NASDA believes the development of improved processing technologies and new products development represent important opportunities for the aquaculture industry. New value -added products can contribute to both domestic and export markets. NASDA endorses the HACCP principles for aquaculture processing and encourages USDA and FDA to provide on-going training for the industry that is both cost effective and focused. Adoption of uniform quality standards throughout the aquaculture industry and assurance of product safety and high quality could assure a competitive edge for aquaculture products over the traditional capture fisheries or imported aquaculture products.
NASDA believes the process of development of minimum health standards by USDA should be with the direct involvement of the major aquaculture organizations, insuring coverage of all species groups and uses for the interstate and international movement of aquatic animals and plants. This is critical to the continued viability and growth of the aquaculture industry, domestically and abroad. The recognition of these standards will facilitate the movement of aquaculture products in commerce and protect the industry from losses due to disease outbreaks and adverse public opinion. Further, there is need for the development of rapid, non-lethal sampling and testing techniques for the diagnosis of aquatic diseases as well as state and national surveillance systems to identify disease early in its course. Regulatory constraints utilizing new identification methods and testing protocols should have nationally accepted validation and interpretation prior to adoption.
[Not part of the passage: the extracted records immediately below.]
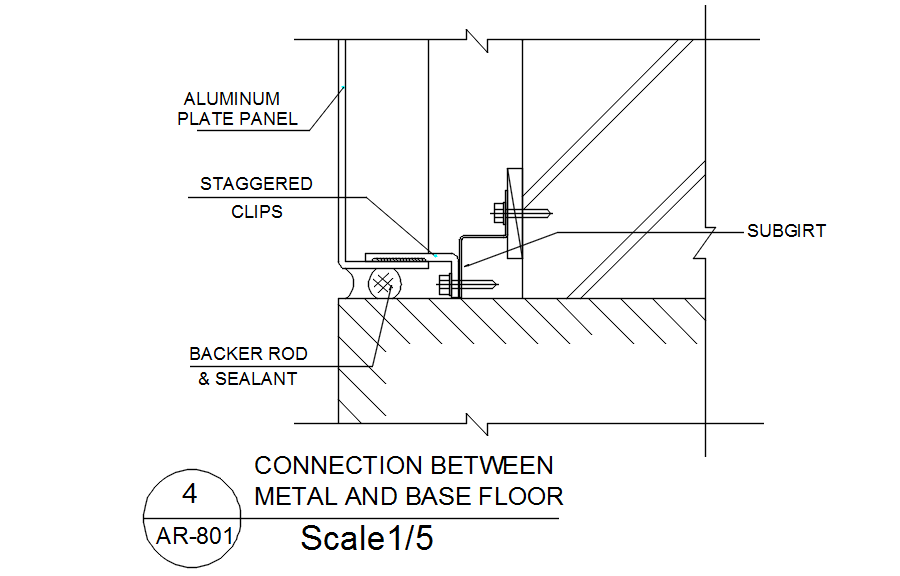 This architectural drawing is Connection between metal and base floor in detail AutoCAD drawing, dwg file, CAD file. In this drawing there were aluminum plate panel, subgirt, staggered clips, backer rod & sealant etc. are given with details. For more details and information download the drawing file.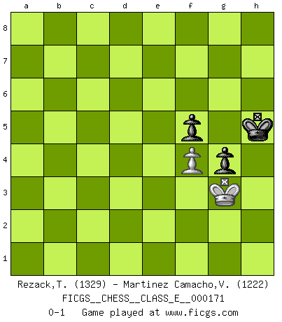 Last move : 0-1 2014 June 3 13:12:41 [Event "FICGS__CHESS__CLASS_E__000171"] [Site "FICGS"] [Date "2014.01.31"] [Round "1"] [White "Rezack,Thomas"] [Black "Martinez Camacho,Victor Hugo"] [Result "0-1"] [WhiteElo "1329"] [BlackElo "1222"] 1.e4 c6 2.d4 d5 3.e5 Bf5 4.f4 e6 5.Nf3 c5 6.c3 Nc6 7.Bb5 Qb6 8.Bxc6+ Qxc6 9.Be3 cxd4 10.Nxd4 Qd7 11.Nxf5 exf5 12.Nd2 Ne7 13.Nf3 b6 14.O-O Ng6 15.Nd4 Bc5 16.Qd3 Ne7 17.b4 Bxd4 18.Bxd4 O-O 19.a4 Nc6 20.b5 Nxd4 21.cxd4 g6 22.Rac1 Rfc8 23.Rxc8+ Rxc8 24.Qa3 Rc4 25.Rd1 Qc7 26.Kf1 Rc2 27.h4 Qc4+ 28.Kg1 Qe2 29.Qf3 Qxf3 30.gxf3 Rc4 31.Kf2 Rxa4 32.Rc1 Rxd4 33.Ke3 Rb4 34.Rc8+ Kg7 35.Rc7 Rxb5 36.Rxa7 Rb3+ 37.Ke2 b5 38.Rd7 Rb2+ 39.Ke3 b4 40.Rxd5 b3 41.Rb5 Rb1 42.Kd2 Rh1 43.Rxb3 Rxh4 44.Ke3 Rh1 45.Rb7 Ra1 46.e6 Ra3+ 47.Kf2 Ra8 48.Rxf7+ Kh6 49.Rd7 Re8 50.e7 Kg7 51.Kg3 Kf7 52.Kh4 h6 53.Kg3 Rxe7 54.Rxe7+ Kxe7 55.Kh4 Kf6 56.Kg3 g5 57.fxg5+ hxg5 58.f4 g4 59.Kh4 Kg6 60.Kg3 Kh5 0-1 Caro-Kann : Advance variation Kingside Castling by player White (move 14) Kingside Castling by player Black (move 18) 10 pieces endgame at move 48 : White KRPPP , Black KRPPP WHITE : King + 1 Rook 3 Pawns BLACK : King + 1 Rook 3 Pawns 9 pieces endgame at move 53 : White KRPP , Black KRPPP WHITE : King + 1 Rook 2 Pawns BLACK : King + 1 Rook 3 Pawns 8 pieces endgame at move 54 : White KRPP , Black KPPP WHITE : King + 1 Rook 2 Pawns BLACK : King + 3 Pawns 7 pieces endgame at move 54 : White KPP , Black KPPP WHITE : King + 2 Pawns BLACK : King + 3 Pawns 6 pieces endgame at move 57 : White KPP , Black KPP WHITE : King + 2 Pawns BLACK : King + 2 Pawns 5 pieces endgame at move 57 : White KP , Black KPP WHITE : King + 1 Pawn BLACK : King + 2 Pawns Player Black won this chess game. Follow this game move after move (download)It's just you and your opponent at the board and you're trying to prove something. (Bobby Fischer) Ich glaube nicht an Psychologie, ich glaube an gute Züge. (Robert James Fischer) Bobby es la celebridad menos entendida y malinterpretada que camina el la faz de esta tierra. (Yasser Seirawan) La solitude du joueur d'Echecs à l'approche du mat est semblable à celle du condamné. (Francis Szpiner) Whatever you do, don't be bored. This is absolutely the most exciting time we could have possibly hoped to be alive. And things are just starting. (From movie Waking life)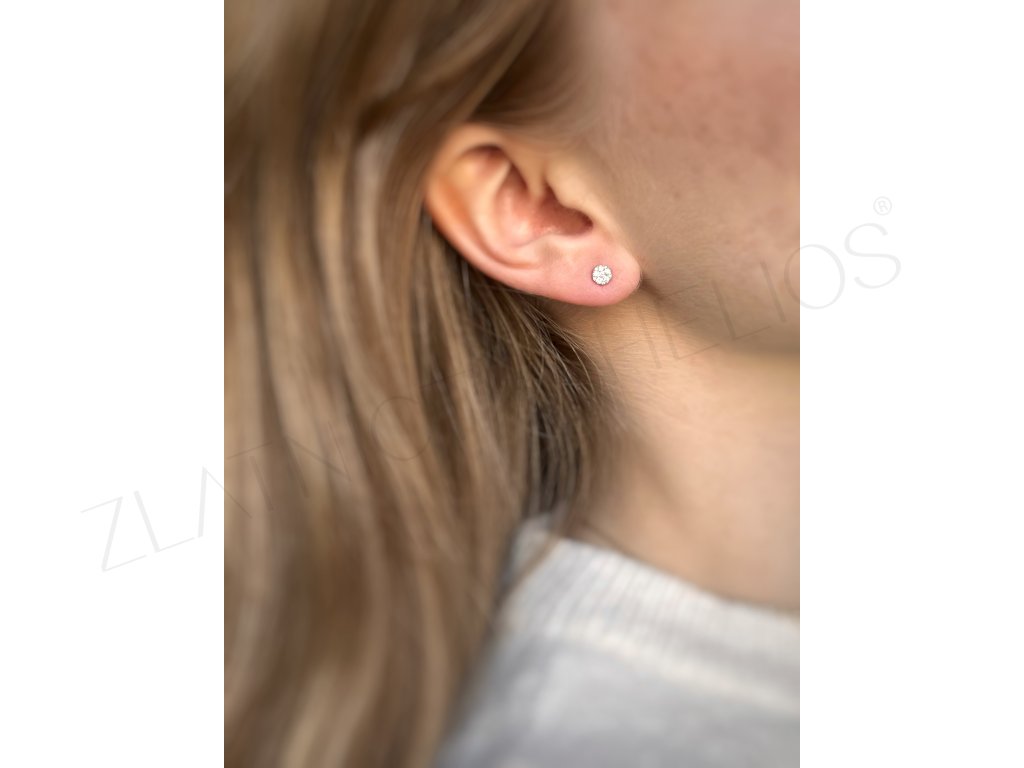Náušnice vyrobené zo 14kt bieleho zlata 585/1000Zdobené diamanty s briliantovým výbrusom-0,23ctZapínanie na puzety s istenímPriemer časti s diamantmi 5mmVáha 1,48gPrívesok do setu v cene 15 939,-/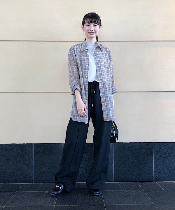 動くと揺れるシルエットが女性らしく、さらっと一枚で着やすいですよ。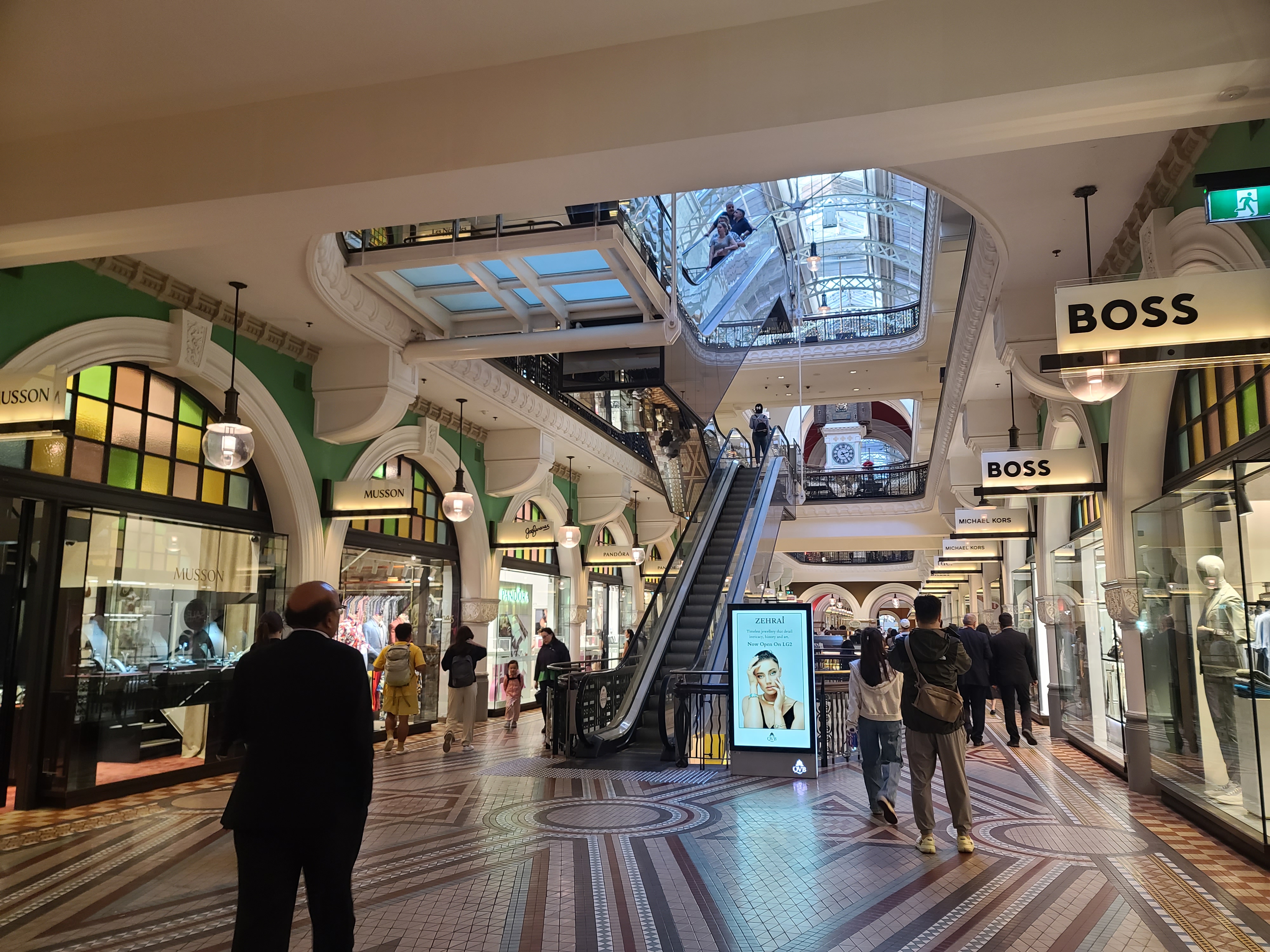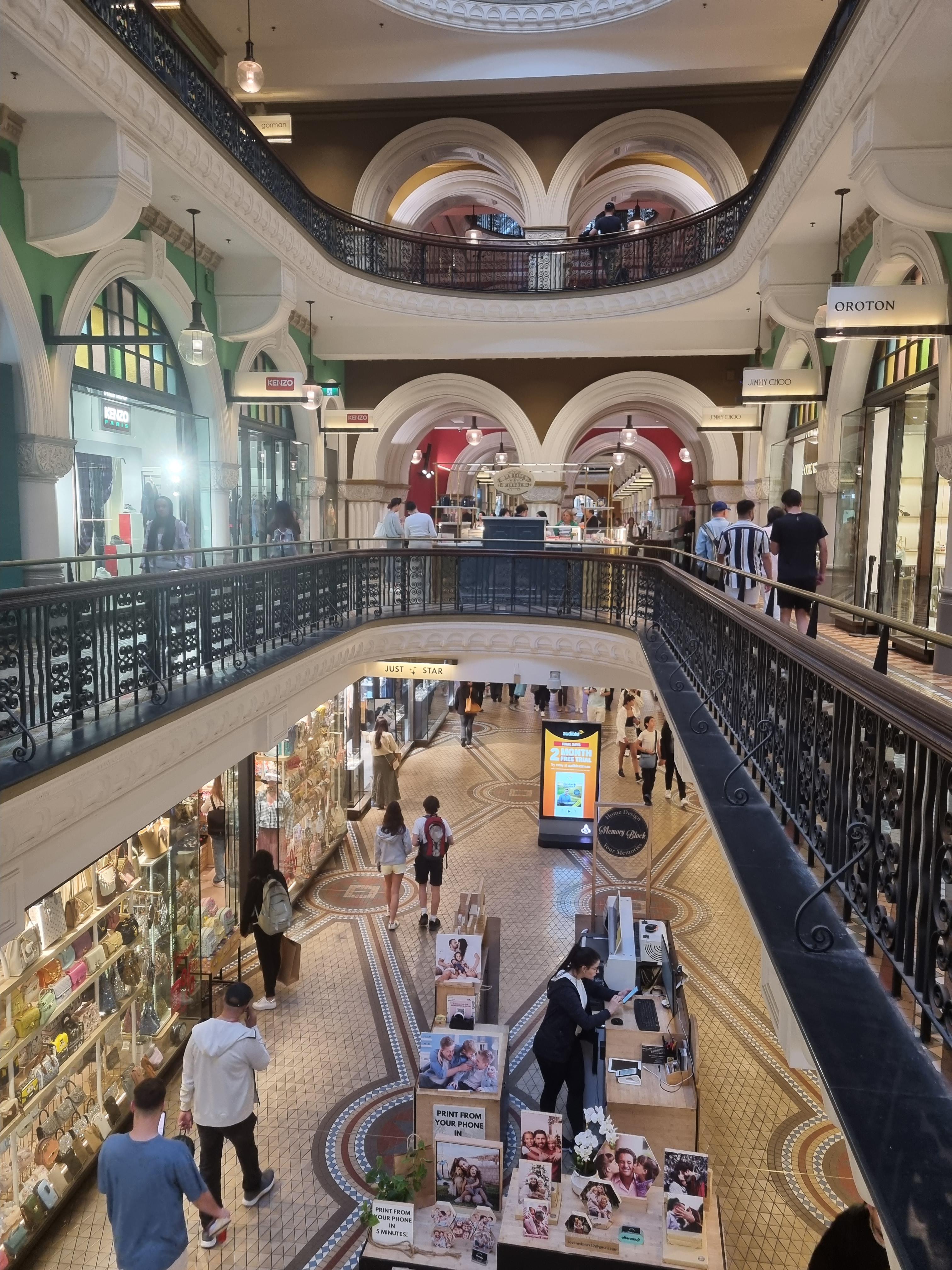 4. 특징 : 피에르 가르뎅이 '세계에서 가장 아름다운 쇼핑몰'이라고 극찬한 건물. 로마네스크 양식과 비잔틴 양식을 혼합하여 건축했다. 지하 2층은 타운홀 역과 연결되며 지상 3층까지 있음. 쇼핑몰로도 유명하지만, 건물 자체가 이쁘고 사진 찍을 곳도 많아서 시드니에 있다면 꼭 가봐야 하는 곳.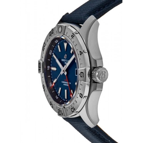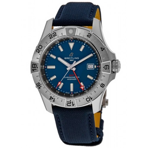 Breitling Avenger Automatic GMT 44 Blue Dial Leather Strap Men‘s Sports Watch Model A32320101C1X1. Brushed and Polished Stainless Steel. case with Blue Calfskin Leather Strap. strap. Brushed and Polished Stainless Steel Folding clasp. Rotating Pinion Bezel with 24 Hour Time Zone Indication. bezel. Dial description: Luminous Silver Hands and Stick Hour Markers with a Central Red GMT Hand and Markers Around the Outer Rim and the Date at 3 o‘clock on a Blue Dial. dial. Automatic - Chronometer, 2nd & 3rd Time Zones movement. Calendar: Date at 3 o‘clock. Chronograph sub-dials display: 24 Hour, Date. Powered by Breitling Caliber 32 engine with 42 hours power reserve. Watch functions: Date, 24 Hour, Power Reserve, Hour, Minute, Second, GMT. Screw In crown. Scratch Resistant Sapphire crystal. Round case shape. Case size: 44mm. Solid case back. .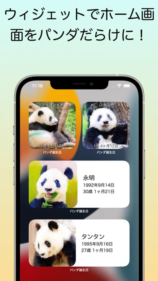 ウィジェットを使ってiPhoneやiPadのホーム画面に好きなパンダの写真を並べることもできます。
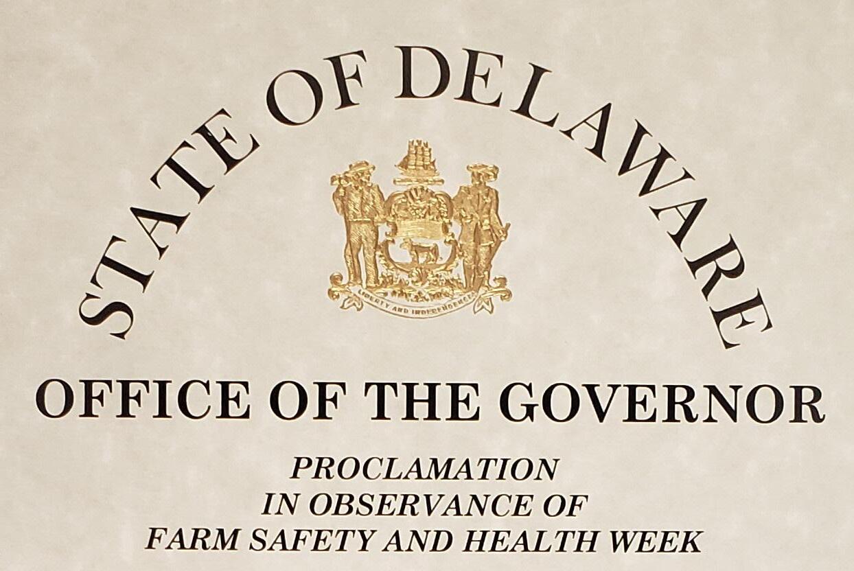 The proclamation was signed by Gov. Carney and Lt. Gov. Bethany Hall-Long and offered a glimpse of the importance behind National Farm Safety and Health Week.

The development of the U.S. aquaculture industry is severely constrained by a lack of federally approved chemicals, vaccines, and therapeutic compounds that could contribute to increased production efficiency and offset annual losses of millions of dollars to disease and parasites. The process of certifying shipments of live fish and aquaculture products for export needs to be streamlined in the areas of jurisdiction as well as the use of therapeutants and disease free status. There is opportunity to facilitate the process of clearance and approval of desirable and safe therapeutants through research to provide necessary information, through improved communications among government agencies and the industry, and through increased understanding of the aquaculture industry by regulatory agencies. We encourage the enhancement of the role of the National Research Support Program - 7 (NRSP-7), formerly IR-4 Program, in order to provide further assistance to aquaculture for development of minor use drugs.